[Opening Data shown section]

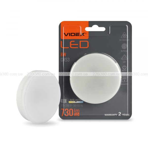 LED лампа VIDEX GX53 8W 4100K 220V - це сучасне інноваційне рішення для освітлення вашого простору. Використовується в сучасних світильниках як для загального освітлення так і декоративного, інтер'єрного та акцентного. Це все залежить від дизайнерських та особистих смакових якостей споживача. З її потужністю 8W і яскравістю 730 Lm, вона забезпечує якісне та яскраве світло, при цьому споживаючи мінімум енергії.
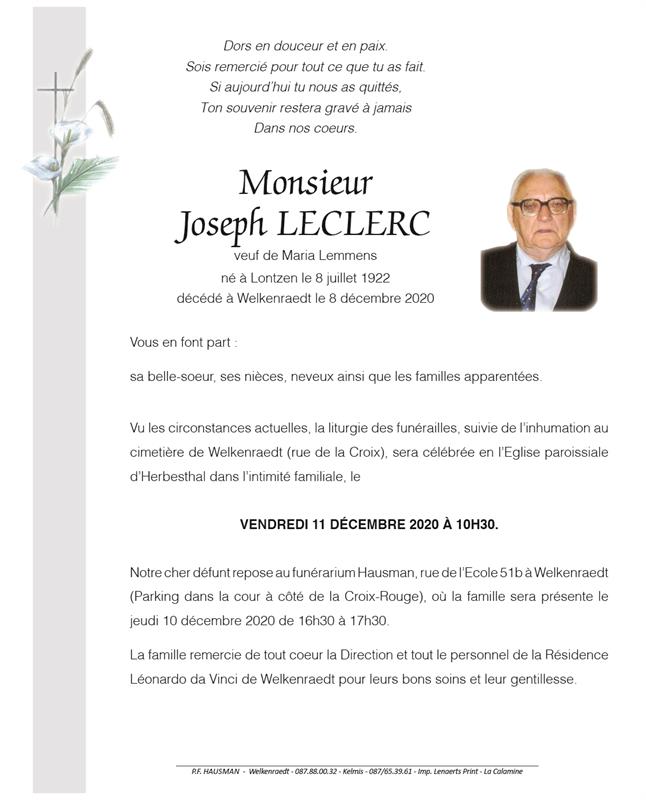 Décédé à Welkenraedt (4840) le mardi 8 décembre 2020 à l'âge de 98 ans
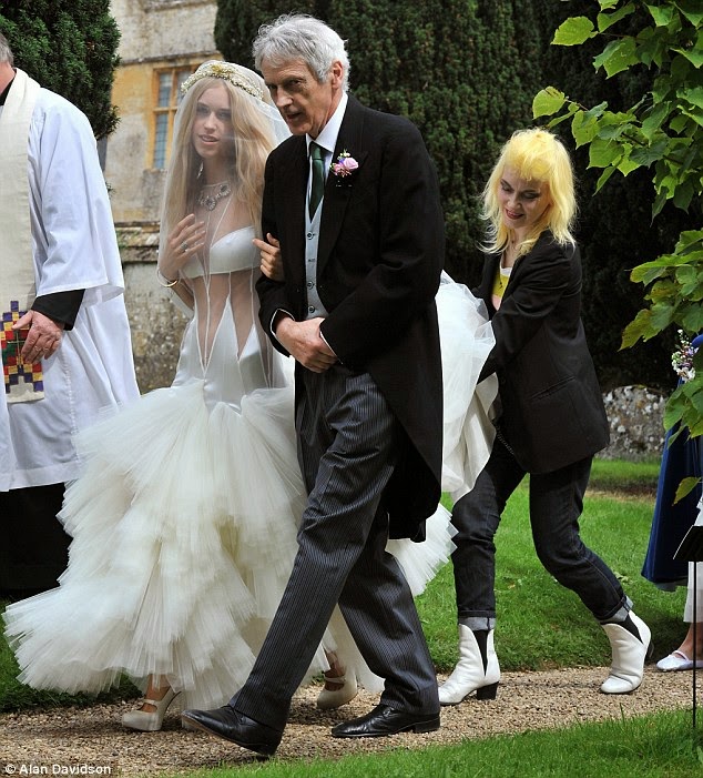 [ Lady Mary Charteris con un diseño de Pam Hogg para su boda con Robbie Furze ( septiembre, 2012 ) ]
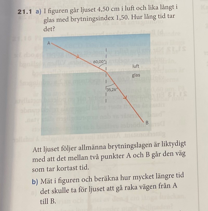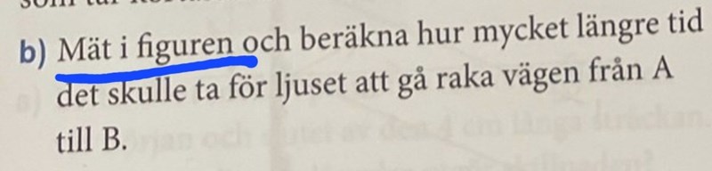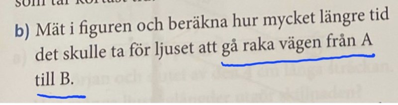 Men är det inte lika stor sträcka som ljusstrålen kommer passera i b frågan?
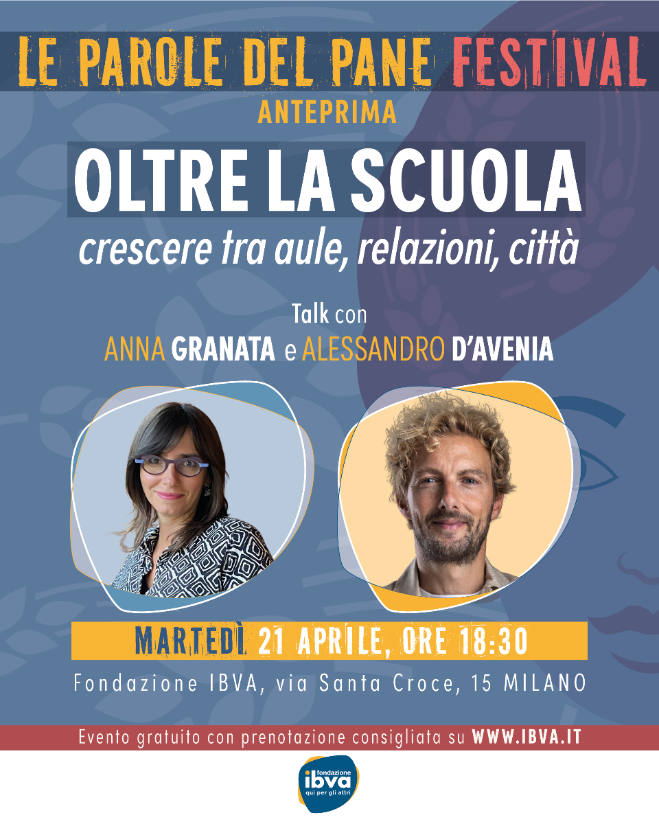 Martedì 21 aprile, alle 18.30, in via Santa Croce 15 a Milano, Fondazione Ibva organizza un talk con Anna Granata (prof.ssa di Pedagogia Generale dell’Università Bicocca) e Alessandro D’Avenia (insegnante, scrittore, sceneggiatore) intitolato “Oltre la scuola. Crescere tra aule, relazioni, città”.
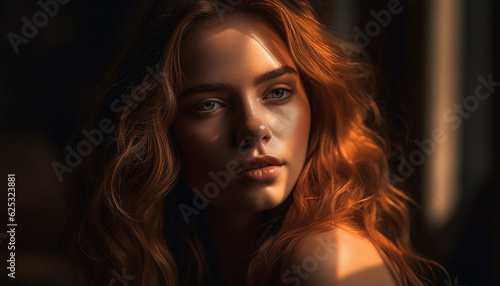 Beautiful young woman with brown hair looking confidently at camera generated by AI
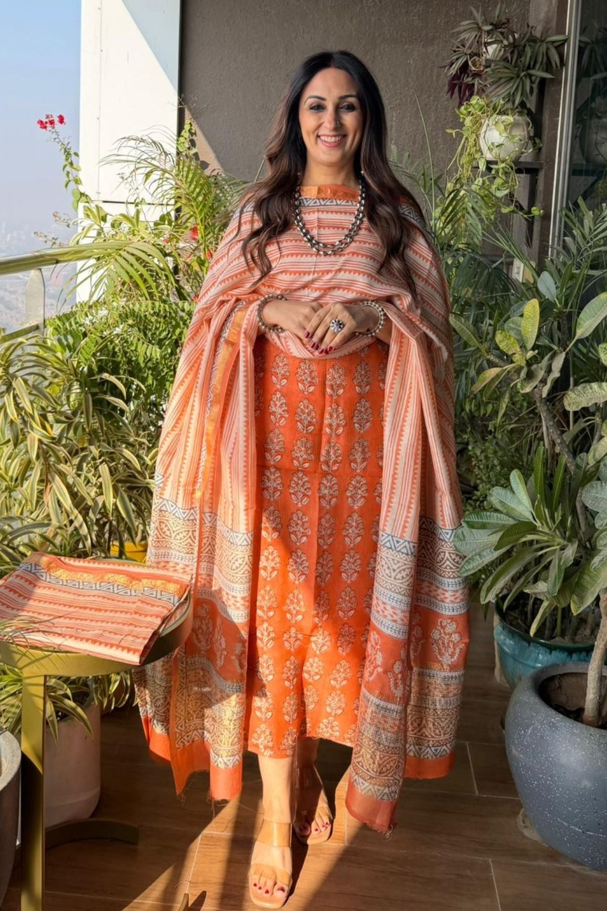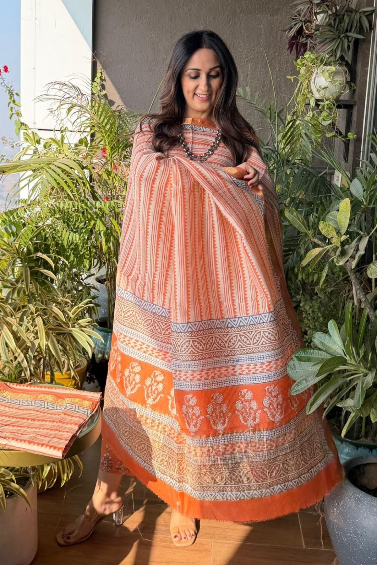This finest quality bagh hand block printed Maheshwari silk 3 -piece suit material teamed with very fine zari patta on dupatta is made using natural dyes through traditional processes.
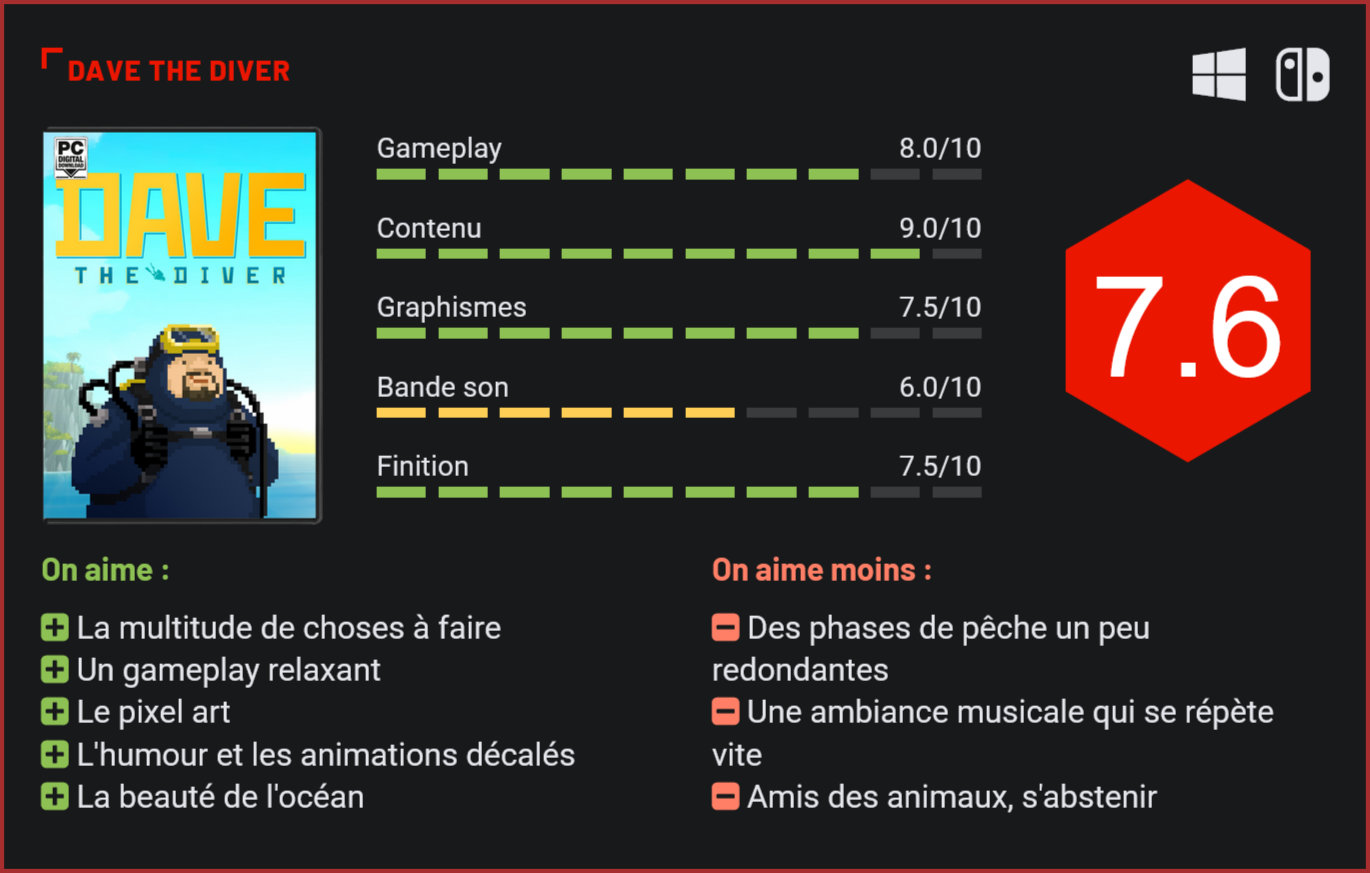 Entre pêche en plongée, gestion de restaurant, et mini-jeux en veux-tu en voilà, le jeu du studio Mintrocket propose un gameplay très diversifié et complet. Ajoutez un second degré un peu décalé et du pixel art bien léché, et voilà ! Une recette bien pensée à se mettre sous la dent. Si le jeu que nous avons testé pour vous, ne fait pas partie des nouveautés de ce début d’année, (il est sorti en juin 2023), il est revenu sur le devant de la scène récemment en dépassant la barre de 3 millions d’exemplaires vendus dans le monde. Ne vous laissez pas trompez par le pixel art et sa nomination de “Meilleur jeu indépendant” aux Game Awards, Dave The Diver est développé par le studio Mintrocket, une filiale du géant coréen Nexon, propriétaire de MapleStory and Dungeon & Fighter. On voit mal comment un projet soutenu par une entreprise à plus de 1,5 milliards d’euros de chiffres d’affaires en 2021 pourrait être considéré comme “indépendant”. Dans ce jeu, on incarne Dave, un pêcheur plongeur (jusque là, ça colle au titre), dont le vieil ami, Cobra, qui a toujours plus d’un tour dans son sac, lui demande d’écourter ses vacances pour venir l’aider à lancer son nouveau restaurant de sushis. Au fourneaux, Bancho, un chef taciturne et bourru, mais possédant un talent fou, concocte à la tombée de la nuit des plats savoureux avec la pêche de la journée de Dave. En dehors de faire tourner le restaurant, Dave va rencontrer de nombreux personnages, avec leurs histoires propres et quêtes à suivre. Tous plus clichés les uns que les autres, mais ça marche. Entre les cinématiques stylisées et exagérées, rappelant un peu Ace Attorney, et des dialogues remplis de second degré, le jeu se moque de Dave, de ses amis, et d’à peu près tout le monde dans cet univers. Bansho maitrise l’art du sushi Le gameplay s’articule autour de ces deux temps : plongée et pêche en journée, gestion d’un restaurant de sushi au soir. Il peut paraître simple de premier abord, mais Dave The Diver est extrêmement riche. On passe de la gestion de son oxygène sous l’eau, de son inventaire, de son équipement et des batailles avec des créatures sous-marines, à la gestion du personnel, du stock, des améliorations des recettes et de la décoration au restaurant. Chaque environnement apporte son lot de mini-jeux, parfois amusants, vite redondants, mais quasi tous évitables, ouf. Visuellement, le mix entre pixel art et 3D rend le jeu très nostalgique, avec une touche de modernité bienvenue. C’est parti pour le rush de 21h ! Pour ceux qui aime les jeux avec une routine, c’est pour vous ! Pas de panique pour les autres, il y a constamment des évènements, des quêtes et des morceaux d’histoire qui viennent ponctuer cette routine (donc on ne s’ennuie pas trop vite). On navigue dans cet univers via un téléphone portable avec de multiples applications : un équivalent d’Instagram, “Cooksta”, pour ramener des clients; un système de cartes à collectionner pour chaque poisson de la baie, comme des Pokémons; des succès journaliers pour aider les activistes écologistes du coin, et bien d’autres fonctionnalités. Dave s’inventera même archéologue des profondeurs, en explorant les vestiges d’un ancien peuple marin qui, d’après la légende, aurait vécu dans les tréfonds de la baie il y a bien longtemps… Mais que leur est-il arrivé ? Et ont-ils réellement disparu ? Oh, la jolie mosaïque ! Petit bémol pour la musique. Si certaines sont agréables de prime abord, elles deviennent (très) vite redondantes et finissent par agacer. Tout particulièrement le thème du bateau de Cobra, qui fait penser à une musique d’ascenseur et devient rapidement insupportable. Un bon trigger warning, également, pour les amis des animaux : la pêche au harpon peut être assez dérangeante. Les poissons se débattent et des nuages de sang viennent colorer la mer à chaque touche. Les sushis végétariens ne sont pas vraiment au programme, et Dave abat requins, murènes, méduses, poissons-clown et calamars sans aucune gêne. Il pille algues, coquillages, coraux, épaves et temples mystérieux du peuple des profondeurs. Pour le respect des fonds marins, on reviendra. Par ici, petit petit ! Heureusement, la mécanique du jeu vient alléger notre conscience quelque peu : nous sommes dans le Trou Bleu, un lagon magique où chaque jour la faune, la flore et même l’environnement tout entier, changent et se réinitialisent. En plus, Dave se bat contre les méchants pécheurs industriels, donc pas d’états d’âme à avoir : nous sommes du côté des gentils ! Enfin… si on oublie que Cobra semble tremper dans des affaires louches et que Bancho refuse de parler de son passé… D’après le site How Long to Beat de IGN, qui ressence le temps nécessaire pour terminer un jeu, la quête principale de Dave The Diver dure un peu plus de 23 heures. Les plus complétistes mettront jusqu’à 46 heures pour tout finir. On est donc sur un jeu de moyenne haleine, pour un prix très honnête de 19,99€, parfait pour ceux qui ne souhaitent pas passer des mois devant leur PC, mais qui s’attendent tout de même à une durée de vie correcte. Conclusion Avec un gameplay très diversifié et complet, Dave The Diver du studio Mintrocket propose une expérience de jeu extrêmement riche. On adore le côté relaxant de la routine, entre pêche en journée et gestion de restaurant de sushi le soir. Tout cela contrebalancé par des évènements et des quêtes qui apportent constamment de la nouveauté. Attention, cependant, ce jeu n’est pas l’ami des animaux, et Dave va pêcher au harpon et piller sans vergogne le Trou Bleu, un lagon où toute la faune et la flore réapparait magiquement chaque nuit. Mais l’humour décalé et le visuel nostalgique et moderne, alliant pixel art et 3D, viennent atténuer l’impact des actions du plongeur. Dave The Diver est

[Closing Data shown section]

**Exercise objective**
Copy out every entry above verbatim. Leave each picture out.

**Written solution**
 LED лампа VIDEX GX53 8W 4100K 220V - це сучасне інноваційне рішення для освітлення вашого простору. Використовується в сучасних світильниках як для загального освітлення так і декоративного, інтер'єрного та акцентного. Це все залежить від дизайнерських та особистих смакових якостей споживача. З її потужністю 8W і яскравістю 730 Lm, вона забезпечує якісне та яскраве світло, при цьому споживаючи мінімум енергії.
 Décédé à Welkenraedt (4840) le mardi 8 décembre 2020 à l'âge de 98 ans
 [ Lady Mary Charteris con un diseño de Pam Hogg para su boda con Robbie Furze ( septiembre, 2012 ) ]
 Men är det inte lika stor sträcka som ljusstrålen kommer passera i b frågan?
 Martedì 21 aprile, alle 18.30, in via Santa Croce 15 a Milano, Fondazione Ibva organizza un talk con Anna Granata (prof.ssa di Pedagogia Generale dell’Università Bicocca) e Alessandro D’Avenia (insegnante, scrittore, sceneggiatore) intitolato “Oltre la scuola. Crescere tra aule, relazioni, città”.
 Beautiful young woman with brown hair looking confidently at camera generated by AI
This finest quality bagh hand block printed Maheshwari silk 3 -piece suit material teamed with very fine zari patta on dupatta is made using natural dyes through traditional processes.
 Entre pêche en plongée, gestion de restaurant, et mini-jeux en veux-tu en voilà, le jeu du studio Mintrocket propose un gameplay très diversifié et complet. Ajoutez un second degré un peu décalé et du pixel art bien léché, et voilà ! Une recette bien pensée à se mettre sous la dent. Si le jeu que nous avons testé pour vous, ne fait pas partie des nouveautés de ce début d’année, (il est sorti en juin 2023), il est revenu sur le devant de la scène récemment en dépassant la barre de 3 millions d’exemplaires vendus dans le monde. Ne vous laissez pas trompez par le pixel art et sa nomination de “Meilleur jeu indépendant” aux Game Awards, Dave The Diver est développé par le studio Mintrocket, une filiale du géant coréen Nexon, propriétaire de MapleStory and Dungeon & Fighter. On voit mal comment un projet soutenu par une entreprise à plus de 1,5 milliards d’euros de chiffres d’affaires en 2021 pourrait être considéré comme “indépendant”. Dans ce jeu, on incarne Dave, un pêcheur plongeur (jusque là, ça colle au titre), dont le vieil ami, Cobra, qui a toujours plus d’un tour dans son sac, lui demande d’écourter ses vacances pour venir l’aider à lancer son nouveau restaurant de sushis. Au fourneaux, Bancho, un chef taciturne et bourru, mais possédant un talent fou, concocte à la tombée de la nuit des plats savoureux avec la pêche de la journée de Dave. En dehors de faire tourner le restaurant, Dave va rencontrer de nombreux personnages, avec leurs histoires propres et quêtes à suivre. Tous plus clichés les uns que les autres, mais ça marche. Entre les cinématiques stylisées et exagérées, rappelant un peu Ace Attorney, et des dialogues remplis de second degré, le jeu se moque de Dave, de ses amis, et d’à peu près tout le monde dans cet univers. Bansho maitrise l’art du sushi Le gameplay s’articule autour de ces deux temps : plongée et pêche en journée, gestion d’un restaurant de sushi au soir. Il peut paraître simple de premier abord, mais Dave The Diver est extrêmement riche. On passe de la gestion de son oxygène sous l’eau, de son inventaire, de son équipement et des batailles avec des créatures sous-marines, à la gestion du personnel, du stock, des améliorations des recettes et de la décoration au restaurant. Chaque environnement apporte son lot de mini-jeux, parfois amusants, vite redondants, mais quasi tous évitables, ouf. Visuellement, le mix entre pixel art et 3D rend le jeu très nostalgique, avec une touche de modernité bienvenue. C’est parti pour le rush de 21h ! Pour ceux qui aime les jeux avec une routine, c’est pour vous ! Pas de panique pour les autres, il y a constamment des évènements, des quêtes et des morceaux d’histoire qui viennent ponctuer cette routine (donc on ne s’ennuie pas trop vite). On navigue dans cet univers via un téléphone portable avec de multiples applications : un équivalent d’Instagram, “Cooksta”, pour ramener des clients; un système de cartes à collectionner pour chaque poisson de la baie, comme des Pokémons; des succès journaliers pour aider les activistes écologistes du coin, et bien d’autres fonctionnalités. Dave s’inventera même archéologue des profondeurs, en explorant les vestiges d’un ancien peuple marin qui, d’après la légende, aurait vécu dans les tréfonds de la baie il y a bien longtemps… Mais que leur est-il arrivé ? Et ont-ils réellement disparu ? Oh, la jolie mosaïque ! Petit bémol pour la musique. Si certaines sont agréables de prime abord, elles deviennent (très) vite redondantes et finissent par agacer. Tout particulièrement le thème du bateau de Cobra, qui fait penser à une musique d’ascenseur et devient rapidement insupportable. Un bon trigger warning, également, pour les amis des animaux : la pêche au harpon peut être assez dérangeante. Les poissons se débattent et des nuages de sang viennent colorer la mer à chaque touche. Les sushis végétariens ne sont pas vraiment au programme, et Dave abat requins, murènes, méduses, poissons-clown et calamars sans aucune gêne. Il pille algues, coquillages, coraux, épaves et temples mystérieux du peuple des profondeurs. Pour le respect des fonds marins, on reviendra. Par ici, petit petit ! Heureusement, la mécanique du jeu vient alléger notre conscience quelque peu : nous sommes dans le Trou Bleu, un lagon magique où chaque jour la faune, la flore et même l’environnement tout entier, changent et se réinitialisent. En plus, Dave se bat contre les méchants pécheurs industriels, donc pas d’états d’âme à avoir : nous sommes du côté des gentils ! Enfin… si on oublie que Cobra semble tremper dans des affaires louches et que Bancho refuse de parler de son passé… D’après le site How Long to Beat de IGN, qui ressence le temps nécessaire pour terminer un jeu, la quête principale de Dave The Diver dure un peu plus de 23 heures. Les plus complétistes mettront jusqu’à 46 heures pour tout finir. On est donc sur un jeu de moyenne haleine, pour un prix très honnête de 19,99€, parfait pour ceux qui ne souhaitent pas passer des mois devant leur PC, mais qui s’attendent tout de même à une durée de vie correcte. Conclusion Avec un gameplay très diversifié et complet, Dave The Diver du studio Mintrocket propose une expérience de jeu extrêmement riche. On adore le côté relaxant de la routine, entre pêche en journée et gestion de restaurant de sushi le soir. Tout cela contrebalancé par des évènements et des quêtes qui apportent constamment de la nouveauté. Attention, cependant, ce jeu n’est pas l’ami des animaux, et Dave va pêcher au harpon et piller sans vergogne le Trou Bleu, un lagon où toute la faune et la flore réapparait magiquement chaque nuit. Mais l’humour décalé et le visuel nostalgique et moderne, alliant pixel art et 3D, viennent atténuer l’impact des actions du plongeur. Dave The Diver est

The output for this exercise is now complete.